A priest made his way down the line asking people who wanted to pray to join him.

***
Kylee Keith, 15, stood near the entrance to the school, outside of the long line to pick up students. She knew the victim, Chance Jackson, and said “He was like my little brother.” Keith said she just hopes that he is okay.
Little children, too old for strollers but too young for kindergarten, did jumping jacks on the field to stay warm. Old men stood off in the distance, leaning on cars or putting hands on other shoulders for support, smoking cigarettes in silence.

The line started to move which meant students were starting to be released to their relatives. A young girl walked out, hiding her red face in her mother’s shoulder. Tears ran down both of their faces.
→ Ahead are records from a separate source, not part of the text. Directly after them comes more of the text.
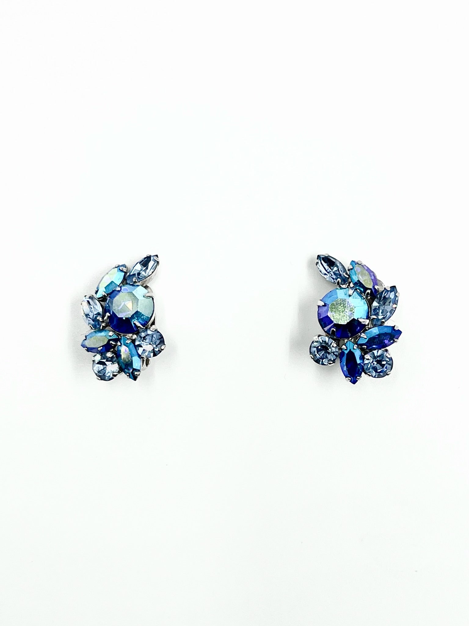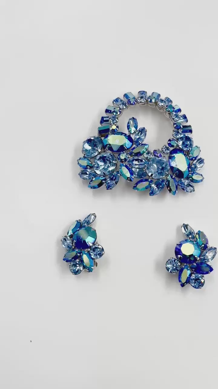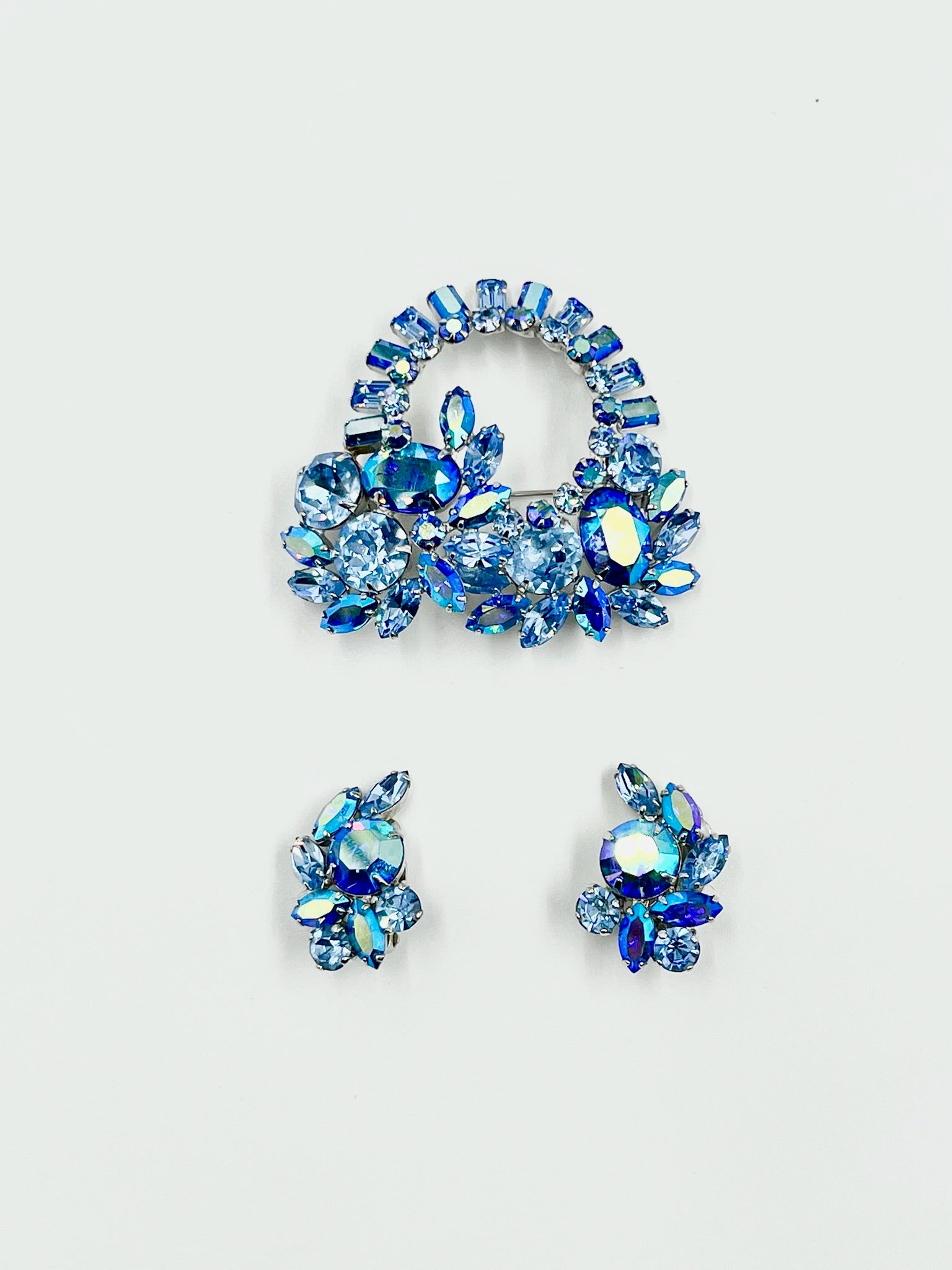 1950s Blue Crystal Brooch & Clip Earrings Set
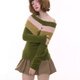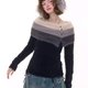 - ziziFei Autumn/Winter New Collection: American Retro Design Contrast Stripe Off-the-Shoulder Plush Knit Top for Women
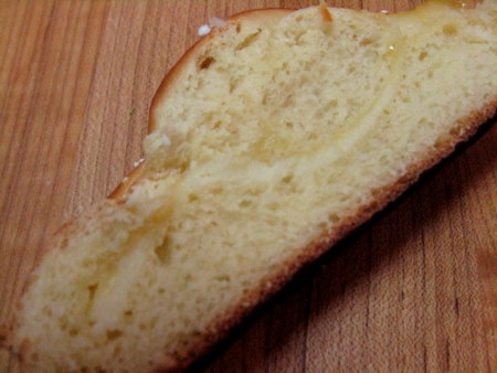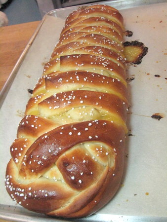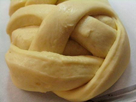 Back to our beautifully risen loaves. This loaf is the one I forgot to put on parchment before beginning my braid. It survived the move, but just barely. It took a lot of tucking and nudging to get it back into shape, and some of the strips pulled out towards the bottom of the loaf. Oh well, live and learn. YOUR bread will look more like the top of the loaf.
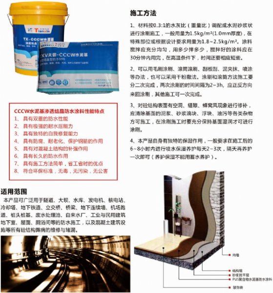 应用范围主要应用于地铁车站、地下连续墙、隧道、涵洞、水库大坝,工业与民用地下室、屋面、厕、浴间等混凝土结构表面的防水施工,结构开裂、渗水点、孔洞的堵漏施工、以及混建筑设施的弊病维修。
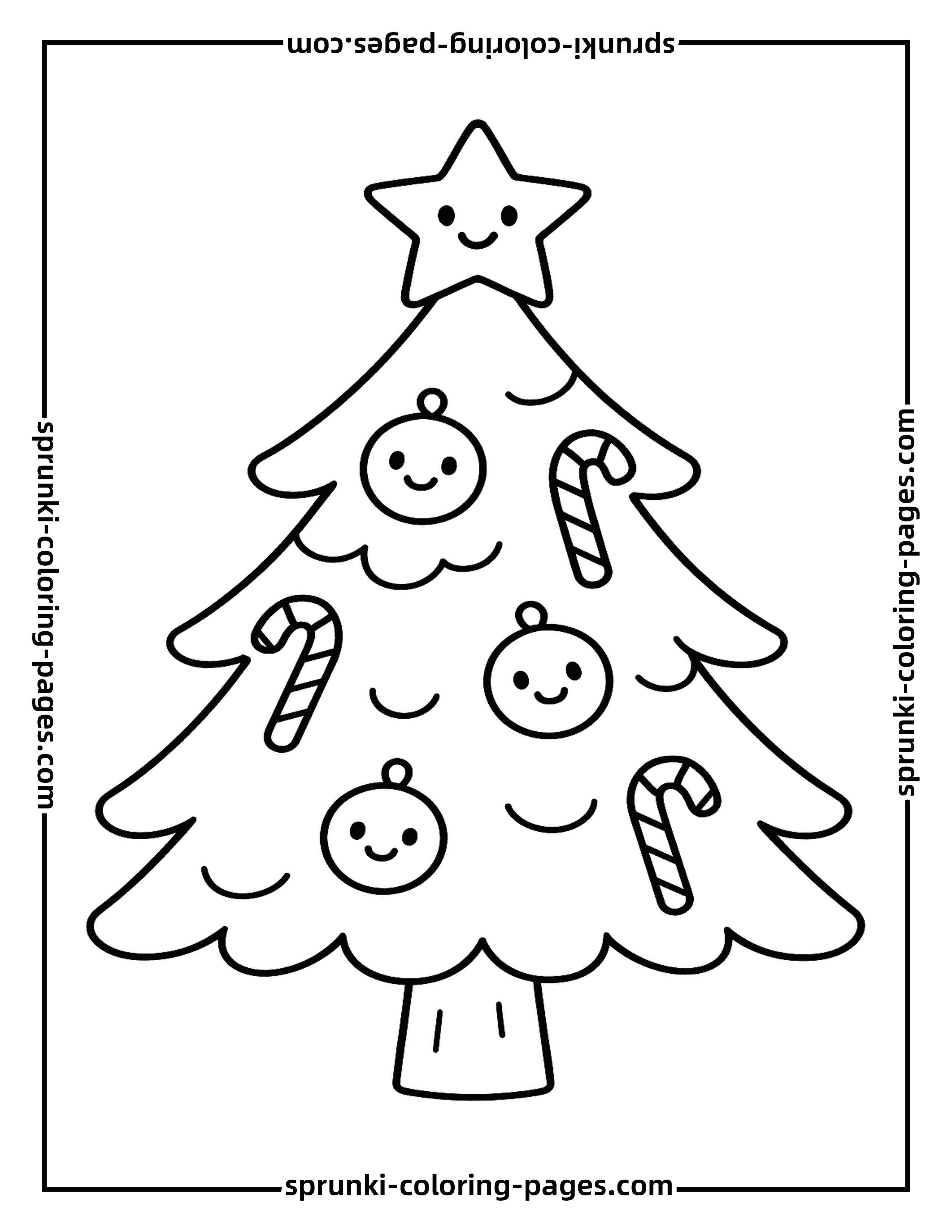 This cute cartoon-style Christmas tree coloring page features smiling ornaments, candy canes, and a shining star on top, designed especially for children. Perfect for easy and fun holiday coloring, this page allows kids to bring their favorite Christmas tree to life. Check out more christmas coloring pages for kids and enjoy a wide selection of festive and joyful Christmas tree coloring pages.
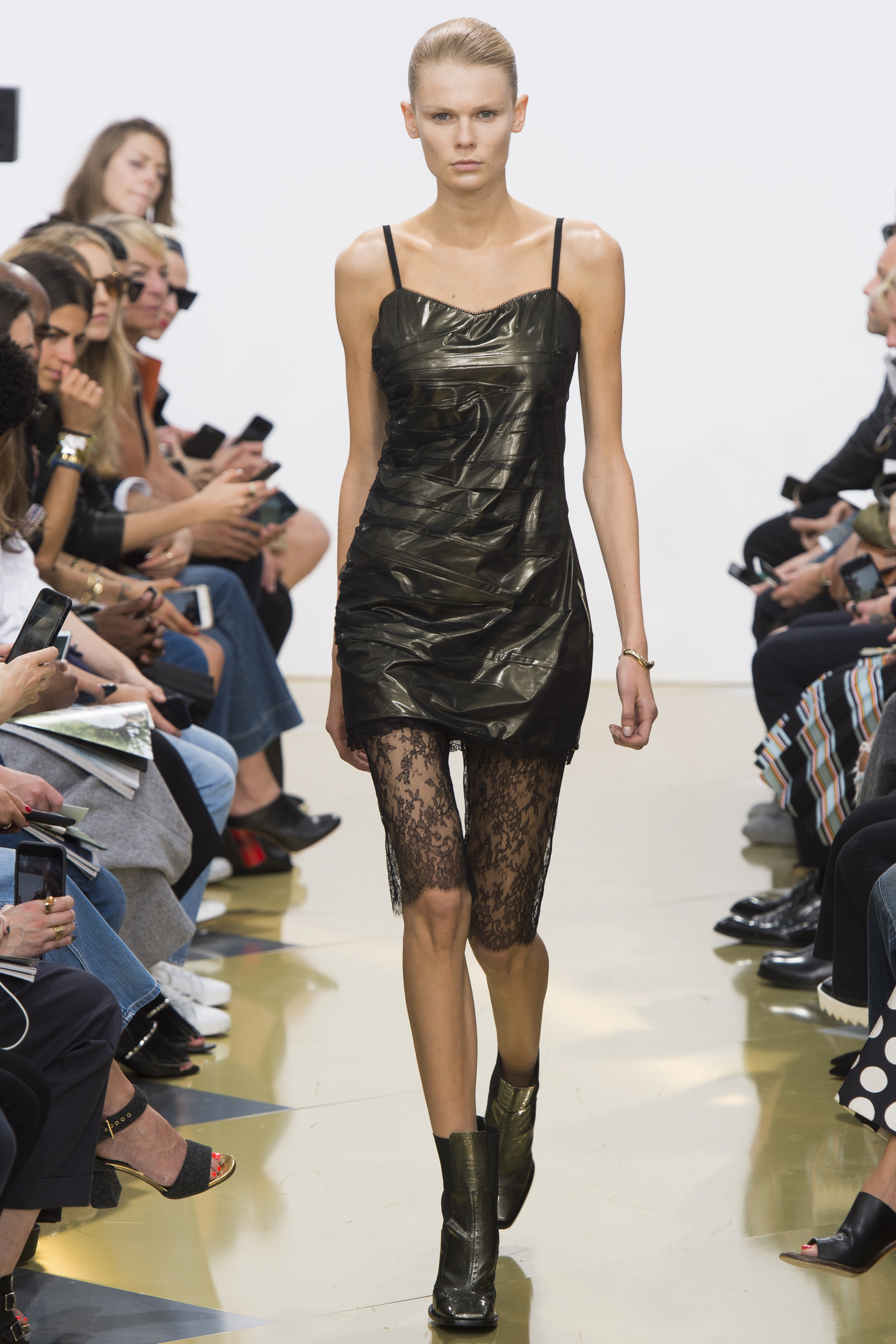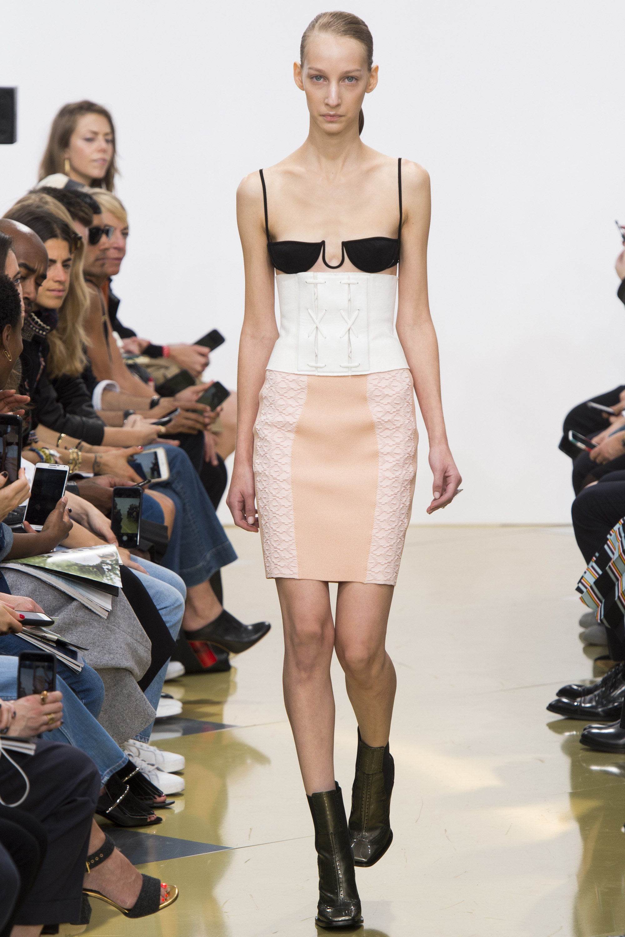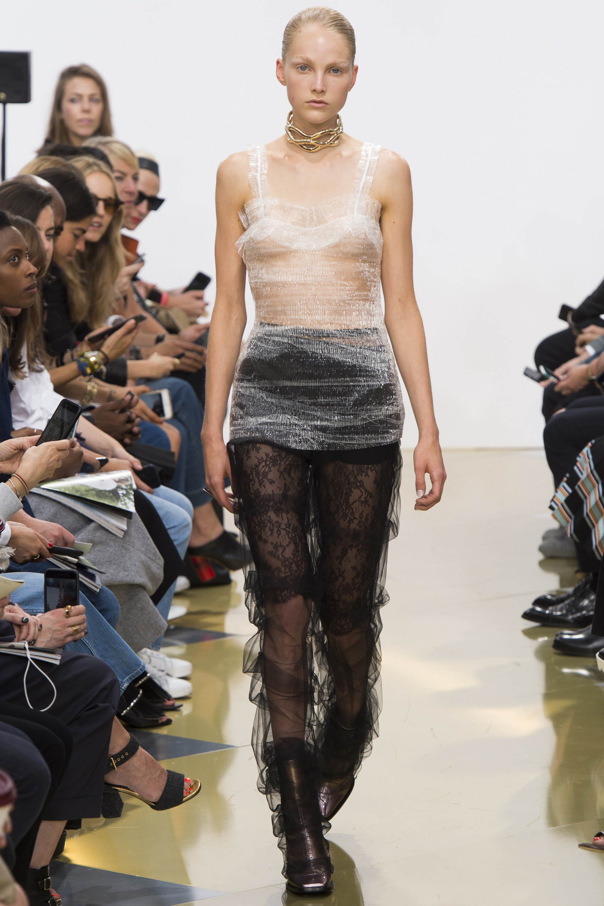 帶點宮廷風又浮誇的羊腿袖的出現讓服裝輪廓走回復古感,但是衣服上Keith Haring的印花在復古中又帶著普普風與當代藝術感,這是八零年代風格的進化;再來是九零年代的極簡風,我們看到了單一的胸罩與剪裁精準的褲裝,不過在褲管上,又加入新的抽繩處理,在冷調中又參進了一絲溫柔感;接下來充滿眾多個人化的設計或單品舉凡蕾絲組成的長/短褲、刻意做出的服裝縫線、有點雷射光水波紋的印花都很有個性。
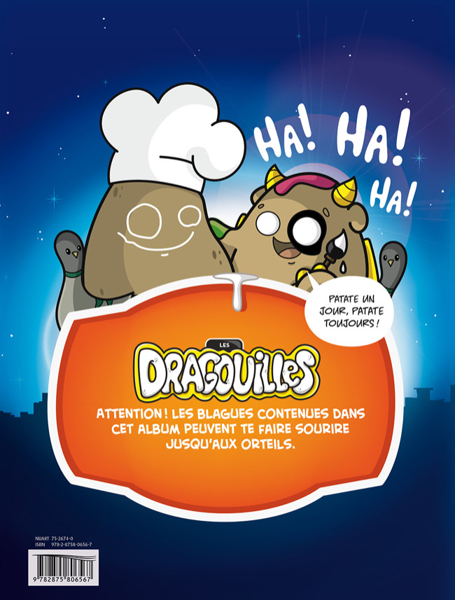 Résumé: Les dragouilles, ces petites bêtes cornues et espiègles au croisement du dragon et de la patate font encore des folies. Les jumeaux, la geek, la branchée, la rebelle, le cuistot et l’artiste proposent cette fois un album tout en BD. Attention! Les blagues contenues dans cet album peuvent te faire sourire jusqu’aux orteils.
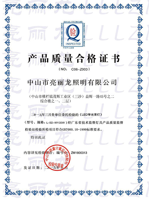 亮麗龍-LED雙窄光束燈質量合格證書
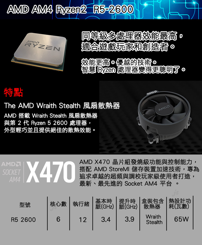 【搭機價】AMD R5 2600【6核/12緒-代理】3.4G(↑3.9G)65W/19M/12nm/無內顯/含風扇
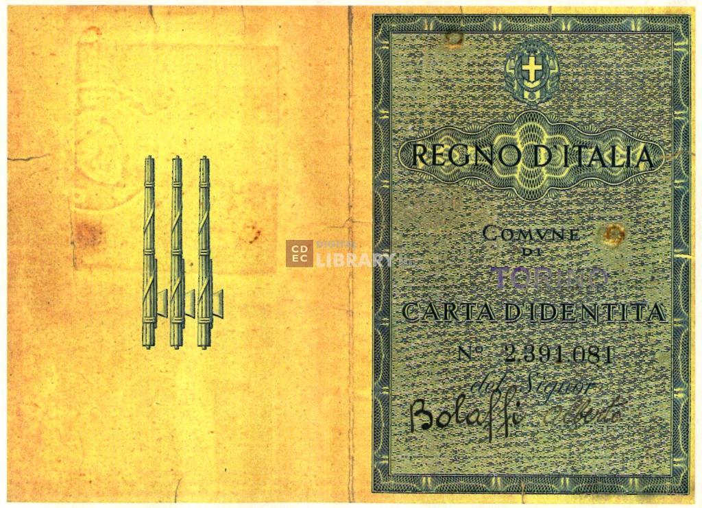 titolo attribuito | Carta d'identità di Bolaffi Alberto |
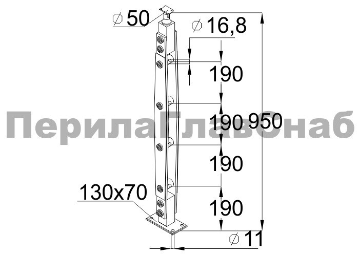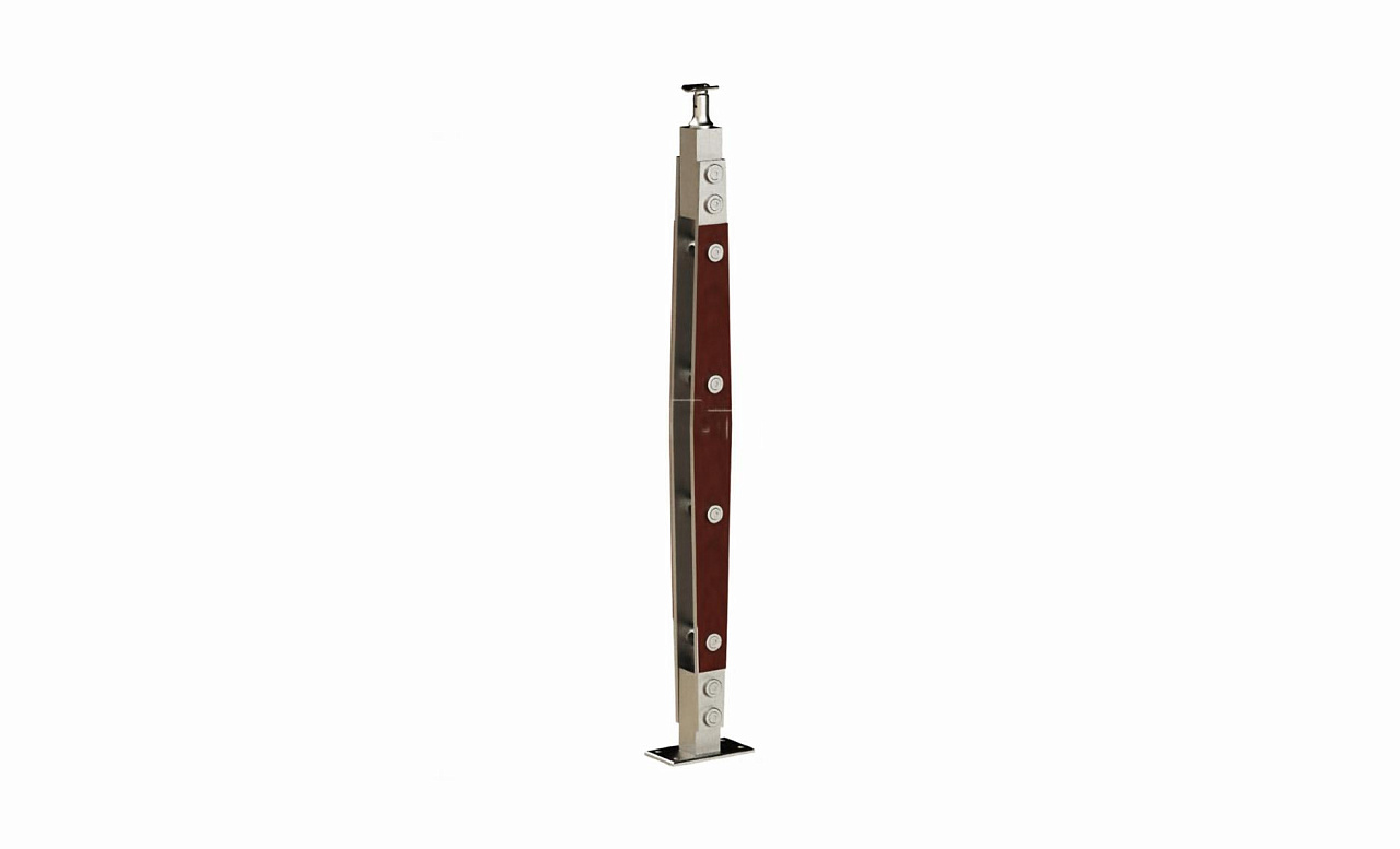 Стойка эксклюзивная с деревянной вставкой и 4 ригеледержателями, крепление в пол, нерегулируемый ложемент (AISI 304) k780
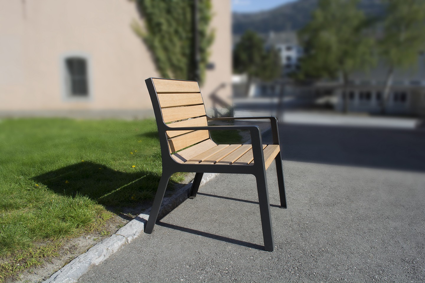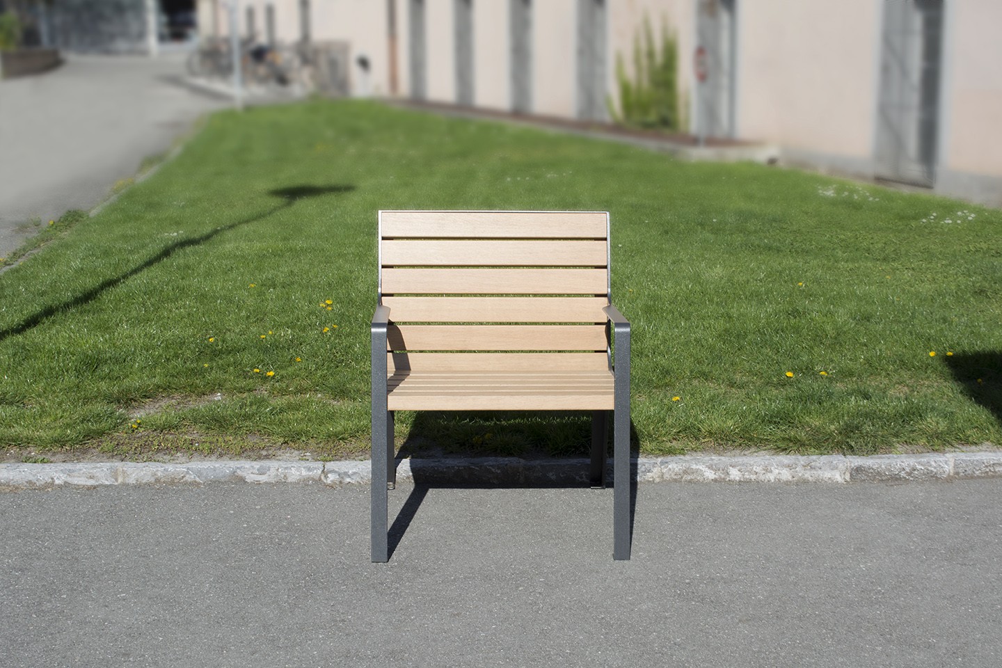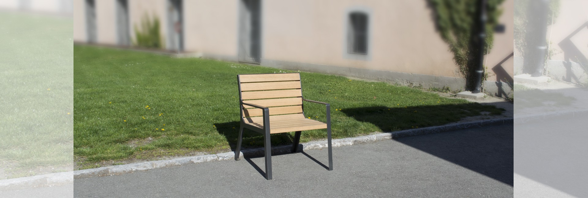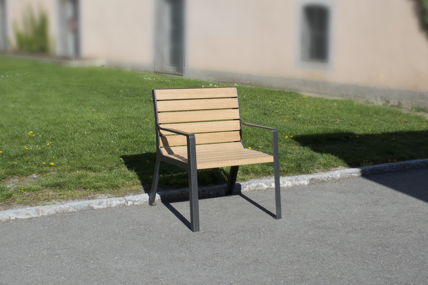 Fauteuil en bois et acier thermolaqué, confortable et ergonomique, avec accoudoirs.

Brandi Tatum, 14, walked out of the school and said a lot of people were crying. Brandi’s mother held onto her shoulder and said she was glad it wasn’t her daughter.

Mother Darlene Helms had been at the school since 7:30 a.m. with her husband David. Dressed in a coat almost down to her feet hiding the pajamas underneath, she said she used to have the alleged shooter Phelps in her day care program from age 2 to 5.

“He was a heathen back then,” Helms said. ”He was always in trouble.”

It started to snow as the line grew shorter to pick up the students. Local Martinsville police and sheriffs along with the Morgan County Critical Incident Response team stood in place, some with their hands on their guns, others asking parents if they had any questions.

Helms frantically walked out of the school after waiting in line for more than an hour and said “They’re idiots. They sent her home on the school bus. I have a 12-year-old at home alone.”

A man walked off with his daughter and said, “ That’s it. I’m homeschooling.”